Well we’ve found two artificial ways to trigger this crash:

  1. DescriptorSet referencing a VkImageView of a VkImage that was deleted
  2. IndexBuffer with an index going way out of the VertexBuffer range

So my understanding is that this can basically happen on any invalid gpu memory access, and is basically a “device-lost” event that happens to be terminal instead of returning the error?
Can anyone from nvidia at least confirm this assessment?
There were some artificial situations where we did get an actual DEVICE_LOST error, so I would really appreciate some clarification about the expected behaviour for any such issues.

I’m not from NVIDIA, but the expected behavior is pretty clear: If you violate the spec in any way, shape or form you get undefined behavior. That is, the driver is allowed to do anything, including crashing your app randomly. So your app crashing falls into expected behavior. Returning DEVICE_LOST is also valid, but not required. So is returning a garbage return value, rendering crap etc.

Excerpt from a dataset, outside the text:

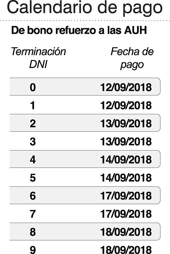 En el caso de la AUH pasa a ser de $ 1.684 por hijo. Así una familia de dos hijos va a cobrar $ 1.684 por dos, más los $ 1.200 por dos, lo que llega a aproximadamente $ 6.000 de ayuda durante septiembre.

Your first case seems to be in violation if there are cmd buffers in flight that reference the deleted VKImage, but that is the least conservative reading of the spec. Your second case is only a violation IFF you didn’t request the robustBufferAccess feature. The index must still be less than or equal to the maxDrawIndexedIndexValue limit thought.

DEVICE_LOST can actually happen at any time even if your program is 100% correct, the most likely one being another program crashed the driver/GPU. If another program crashes the GPU, the vulkan driver in your app MUST NOT crash, but may return DEVICE_LOST on any call to indicate to you that the GPU is gone, like device memory was reset etc. You also would get a DEVICE_LOST if you hanged the GPU and the OS reset the driver (2s for a single shader execution under standard windows).